We have some amount of MTT testing going on every night and on ONE of
our systems v1.5 has been dead since r25914. The system is
Linux burl-ct-v20z-10 2.6.9-67.ELsmp #1 SMP Wed Nov 7 13:56:44 EST 2007
x86_64 x86_64 x86_64 GNU/Linux
and I'm encountering the problem with Intel (composer_xe_2011_sp1.7.256)
compilers. I haven't poked around enough yet to figure out what the
problematic characteristic of this configuration is.

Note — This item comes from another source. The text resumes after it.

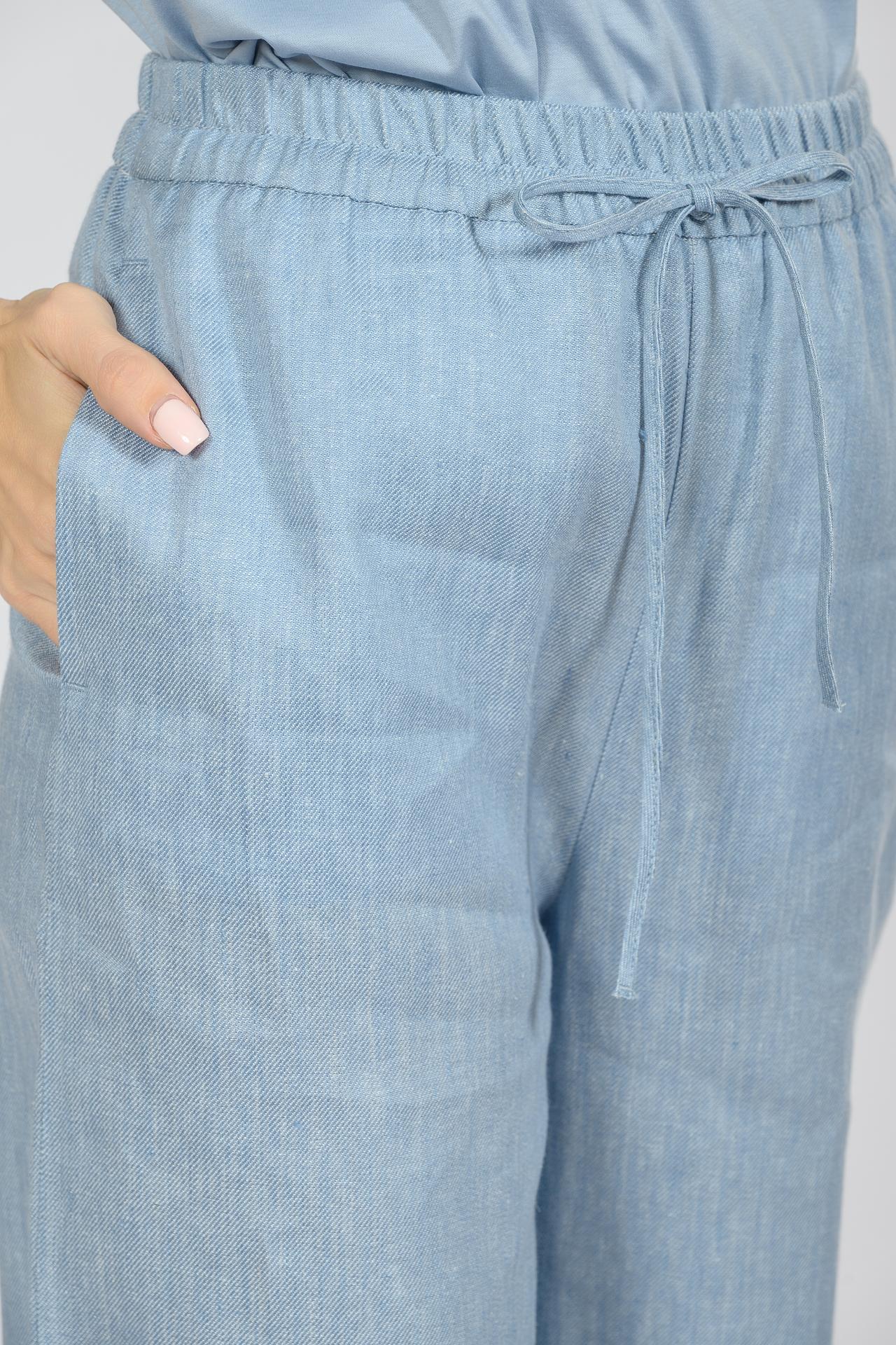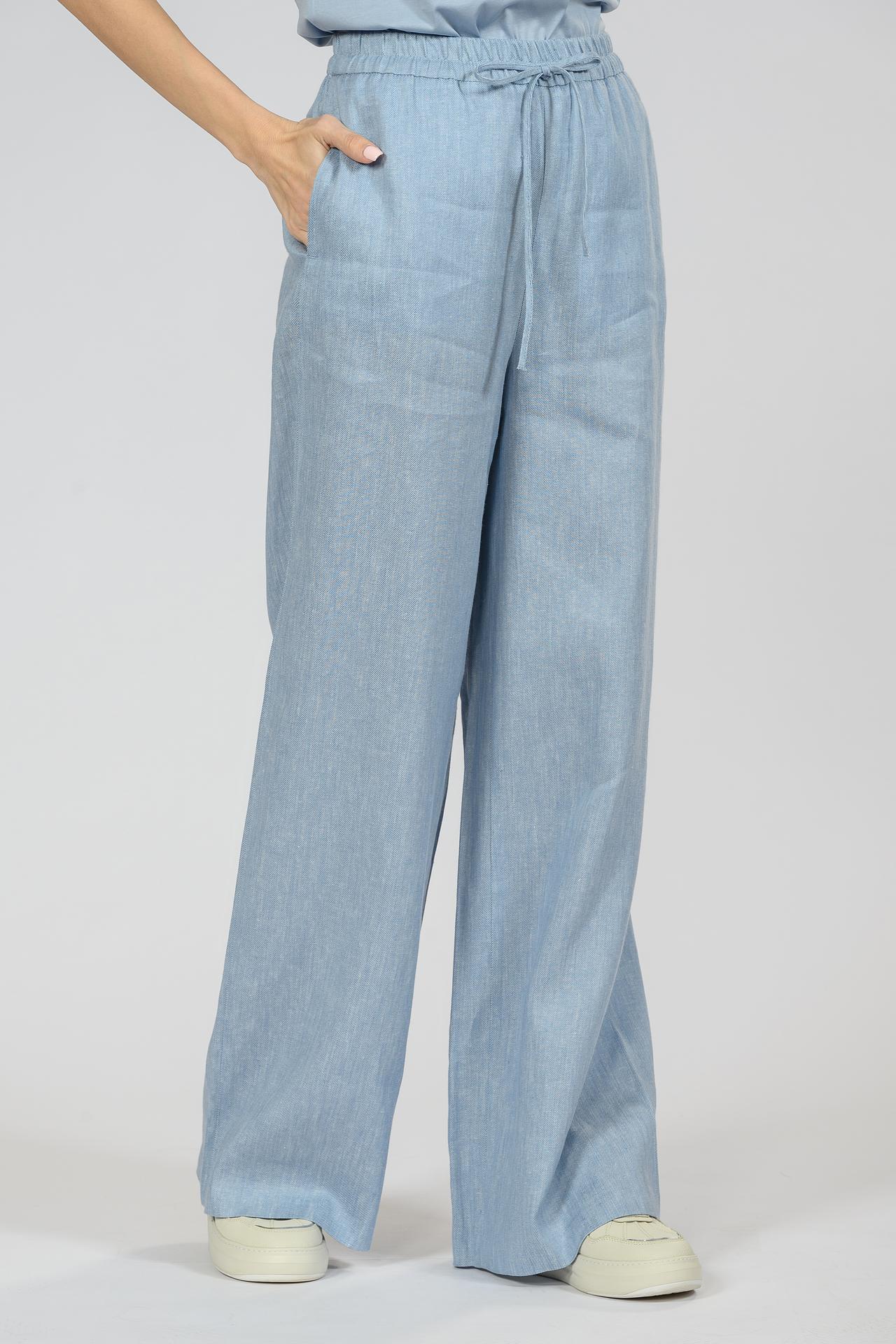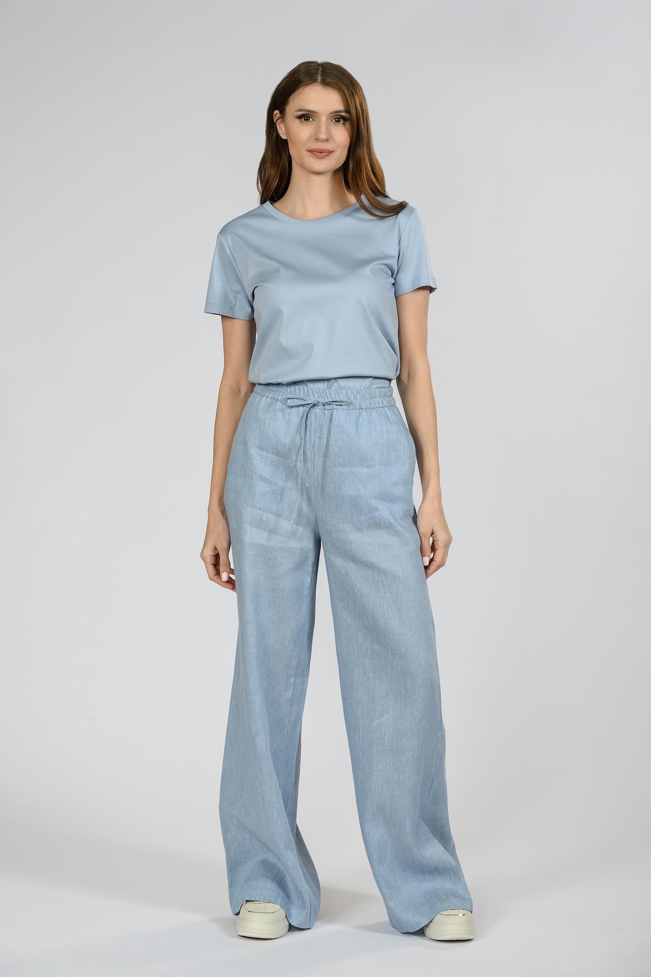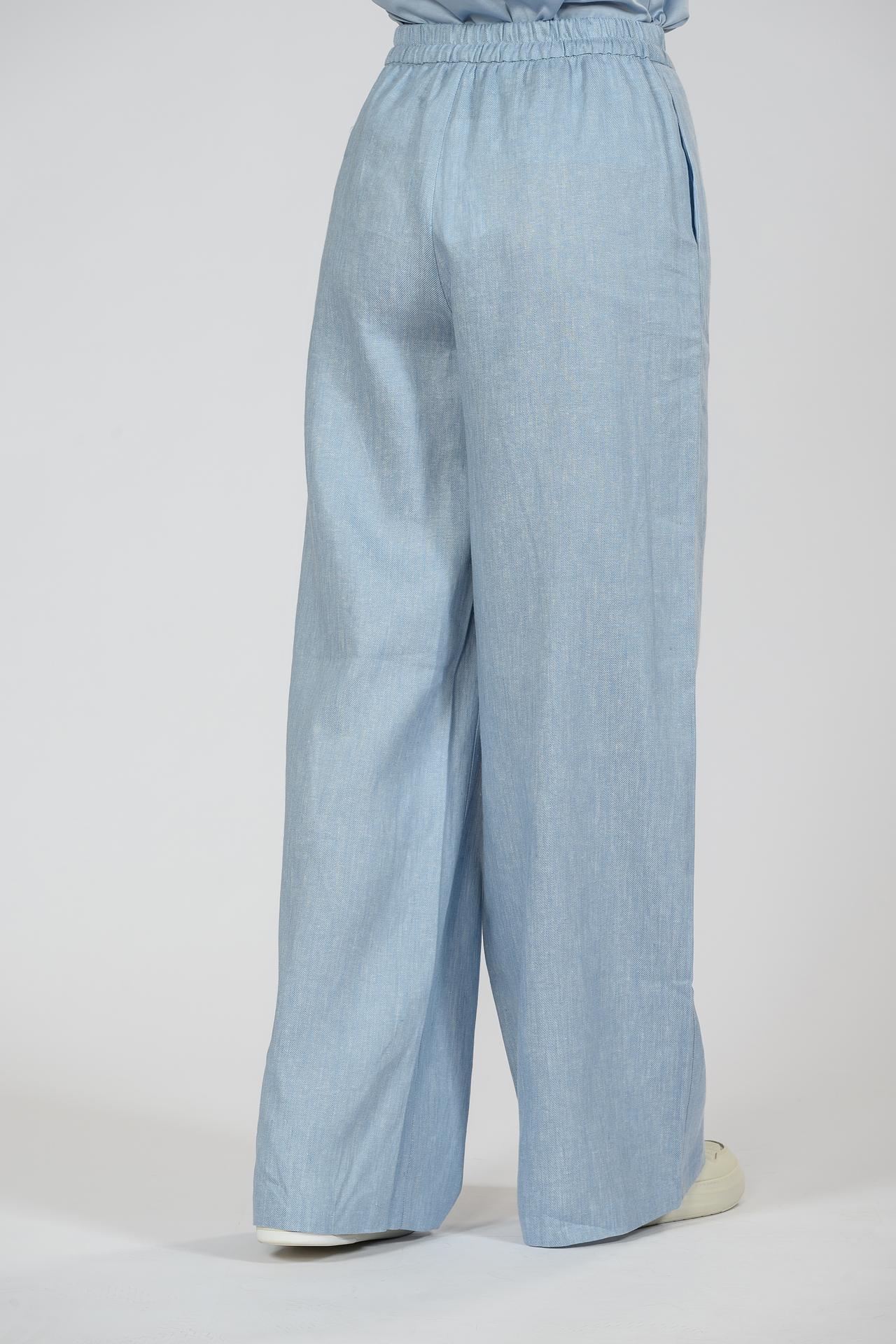 Брюки палаццо EMKA, голубые, лен и хлопок, на резинке

In r25914, orte/mca/odls/base/odls_base_open.c, we get
222 /* get the number of local sockets unless we were given a
number */
223 if (0 == orte_default_num_sockets_per_board) {
224
opal_paffinity_base_get_socket_info(&orte_odls_globals.num_sockets);
225 }
226 /* get the number of local processors */
227
opal_paffinity_base_get_processor_info(&orte_odls_globals.num_processors);
228 /* compute the base number of cores/socket, if not given */
229 if (0 == orte_default_num_cores_per_socket) {
230 orte_odls_globals.num_cores_per_socket =
orte_odls_globals.num_processors / orte_odls_globals.num_sockets;
231 }
Well, we execute the branch at line 224, but num_sockets remains 0.
This leads to the divide-by-0 at line 230. Digging deeper, the call at
line 224 led us to opal/mca/paffinity/hwloc/paffinity_hwloc_module.c
(lots of stuff left out):
static int module_get_socket_info(int *num_sockets) {
hwloc_topology_t *t = &opal_hwloc_topology;
*num_sockets = (int) hwloc_get_nbobjs_by_type(*t, HWLOC_OBJ_SOCKET);
return OPAL_SUCCESS;
}
Anyhow, SOCKET is somehow an unknown layer, so num_sockets is returning 0.
I can poke around more, but does someone want to advise?